● **EXERCISE**
Please repeat exactly, and only, the lines from the one containing "Hundreds of students, many" through the end of the records below, with no pictures.

· · · · · · ·

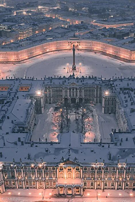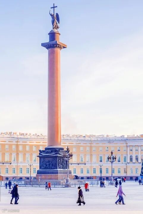 ◎左:冬宫广场上矗立着47米高的亚历山大柱
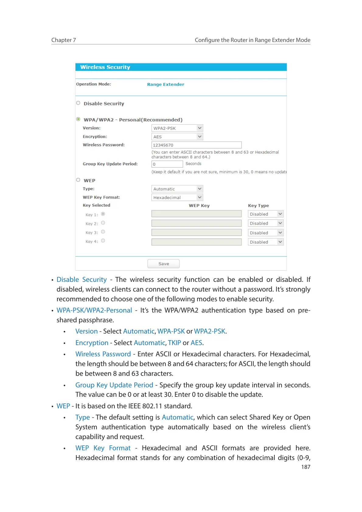 • WEP Key Format - Hexadecimal and ASCII formats are provided here.
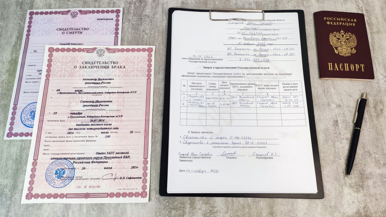 На фото изображены российский паспорт, свидетельства о браке и смерти, а также заполненный бланк запроса на проставление апостиля, закрепленный на планшете. Все документы разложены на сером столе, рядом находится ручка. Композиция отражает процесс подачи документов для легализации актов гражданского состояния. Изображение подходит для иллюстраций к юридическим статьям о нотариальных услугах, госрегистрации, получении апостиля и международной правовой практике.
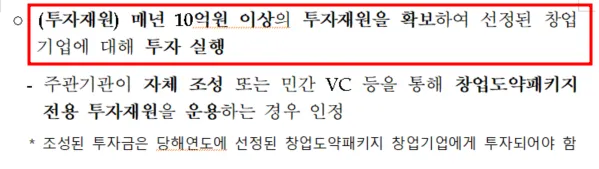 창업도약패키지는 매년 10억이상의 투자를 실행해야 함.
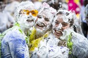 Hundreds of students, many in fancy dress and armed with shaving foam, take part in the annual Raisin Monday, the traditional foam fight at the University of St Andrews which took place on the Lower College Lawn.
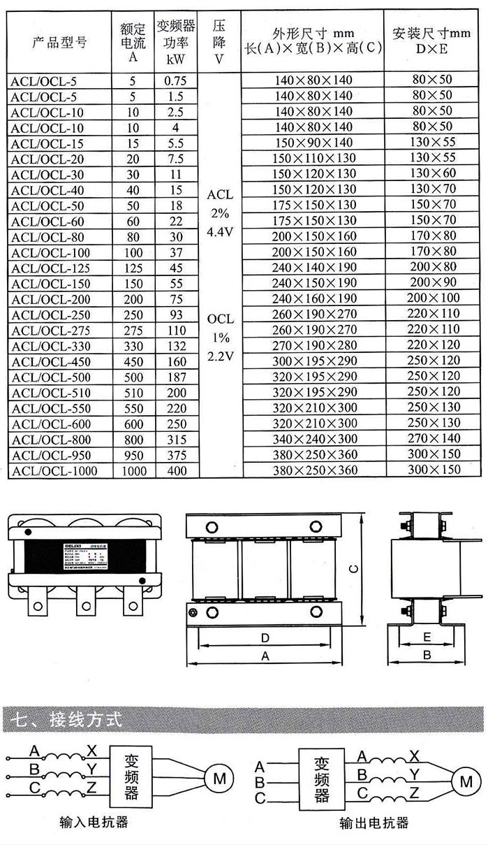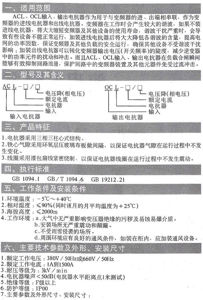 德力西輸入電抗器ACL和輸出電抗器OCL說明書

· · · · · · ·

● **REPLY TO THE TASK**
 Hundreds of students, many in fancy dress and armed with shaving foam, take part in the annual Raisin Monday, the traditional foam fight at the University of St Andrews which took place on the Lower College Lawn.
 德力西輸入電抗器ACL和輸出電抗器OCL說明書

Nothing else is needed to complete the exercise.